Avoid using the "dual" clocking mode in new projects due to its focus on compatibility with older FDK versions. Choose between "host" or "native" modes based on your latency and usability needs. Host mode is suitable if your workflow involves frequent host interactions, providing latency similar to native mode but with easier clock domain management. It adds one clock cycle of latency when using a net_data_width of 32 due to a stream pipeline in the TX path. Native mode is optimal for high-performance requirements where the host is not part of the critical data path, but it requires manual management of all clock domain crossings.

debug_clk

Default: none
Valid values: the name of any clock in the design
Example: set debug_clk clk_tx
Description: when set to anything other than 'none', connects all ports marked with (*mark_debug="true" *) to an ILA core operating in the specified clock domain. Be aware that using more than half of the ILA core's available port width will trigger a warning.

Interfaces

The SmartNIC development kit provides extensive access to transmit and receive datapaths, and a user-accessible register and memory space. The top-level file, such as exanic_v5p_devkit.v for v5p, serves as a wrapper that integrates the SmartNIC IP core netlist with custom user applications. This setup ensures essential connections between the netlist and the user's application for seamless integration. The example designs included in the kit, which come with pre-established connections, offer a solid foundation for users to enhance and adapt for additional functionalities. Similar structures are used across different platforms, with variations in filenames.

Clocking, Reset, and Misc

The user interface for the SmartNIC development kit includes key clocking and reset signals:

clk_host (1 bit): A 250 MHz clock sourced from the PCIe bus, with all "_host" suffix signals synchronized to this clock.
Depending on the chosen clocking model, either clk_net (1 bit) or separate clk_tx_net (1 bit) and clk_rx_net (1 bit per port) is used.
rst_n (1 bit): An enable signal asserted once clk_host is stable and synchronized to this clock.

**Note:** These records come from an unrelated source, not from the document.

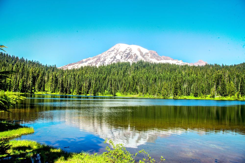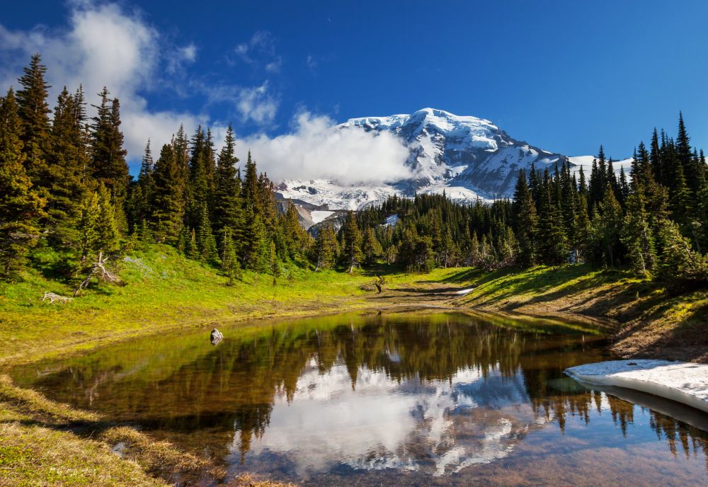 ภูเขาเรเนียร์เป็นสัญลักษณ์สำคัญของภูมิประเทศในรัฐวอชิงตัน ภูเขาเรเนียร์หรือที่รู้จักในชื่อทาโคมา เป็นยอดเขาที่สูงที่สุดในเทือกเขาแคสเคดทางตะวันตกเฉียงเหนือของแปซิฟิก และเป็นภูเขาที่สูงที่สุดในรัฐวอชิงตัน ภูเขาเรเนียร์เป็นภูเขาไฟที่ยังคุกรุ่นและมียอดเขาที่ปกคลุมด้วยธารน้ำแข็งมากที่สุดในสหรัฐอเมริกา โดยเป็นต้นกำเนิดของแม่น้ำสำคัญ 5 สาย ส่วนยอดเขานั้นถูกปกคลุมด้วยหิมะตลอดทั้งปี เมื่อหิมะละลาย น้ำจะไหลลงมาในปริมาณมาก สร้างน้ำตกที่สวยงามที่สุดในอุทยานแห่งชาติเรเนียร์ พร้อมทั้งทะเลสาบกว้างใหญ่และป่าไม้ที่เขียวชอุ่ม
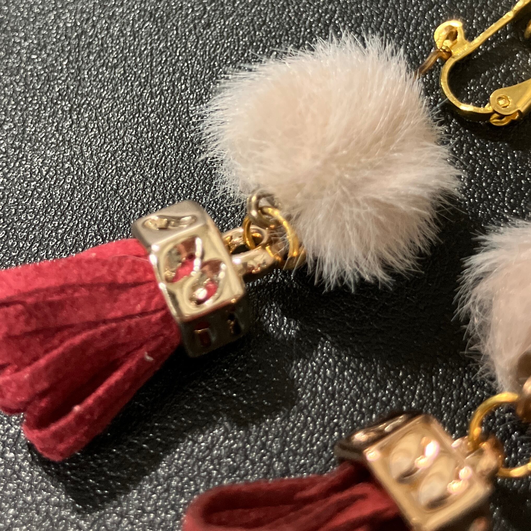 ふわふわのファーと、落ち着いたカラーのタッセルを組み合わせた、秋冬にぴったりのイヤリング。.✽.。
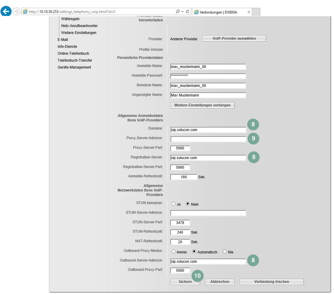 - Outbound-Server-Adresse füllen Sie aus mit: "sip.solucon.com".

The SmartNIC development kit includes several optional ports, which are available based on the app_ports settings:

hw_time_net (32 bit): A counter with 3.1 ns resolution, shared with the timestamp counter for received packets, and synchronized to clk_tx_net. This counter can be adjusted by the host if a PTP client is active or via the exanic-clock-sync utility, affecting the counting frequency through periodic cycle adjustments.
hw_time_host (32 bit): This is hw_time_net transitioned into the host clock domain (clk_host).
port_enabled (1 bit per port): Shows whether the host OS has activated the interface, synchronized to clk_host.
port_speed (2 bits per port): Indicates the port speed set by the host OS, where the values are 0=Reserved, 1=100M, 2=1G, 3=10G. Note that speeds 100M/1G are fully supported only on SmartNIC K3P-S (X25); on other models, they're supported only on the first lane. This port is synchronous to clk_host.
link_up (1 bit per port): Signals that the MAC has established a network link, synchronized to clk_rx_net. Link establishment may take several seconds.
pps_in (1 bit): A direct connection from the PPS input pin to the user application.

Register Interface

The user register interface supports up to 2048 readable and/or writable 32-bit registers, where all read and write operations use full 32-bit words without byte-specific enables. All signals are synchronized to clk_host. The interface utilizes the following signals:

reg_w_en (1 bit): Asserted simultaneously with reg_w_addr and reg_w_data to indicate a register write request.
reg_w_data (32 bit): Write data from the host.
reg_w_addr (11 bit): Address for the register write, incrementing per 32-bit word, not by byte offset.
reg_r_addr (11 bit): Address for register reads, incrementing similarly to write addresses.
reg_r_en (1 bit): Read enable signal asserted with reg_r_addr to validate the address.
reg_r_data (32 bit): Data for the register specified by reg_r_addr, provided when reg_r_ack is asserted.
reg_r_ack (1 bit): Must be asserted when reg_r_data is valid in response to a read. User logic has 16 cycles to assert reg_r_ack following reg_r_en before a timeout occurs, after which the PCIe logic will issue an unsupported request response.

Memory Interface

The user memory interface in the SmartNIC development kit is designed for write-only operations from the host, suitable for storing transmit buffers without support for host read-back. It operates synchronized to clk_host with key signals including:

mem_w_en (32 bit): Controls which bytes are written based on the offset from mem_w_addr.
mem_w_addr (19 bit): Specifies the DWORD offset for write operations within BAR2 of the development kit.
mem_w_data (256 bit): Accommodates up to 32 bytes of data per write, dictated by the write enables.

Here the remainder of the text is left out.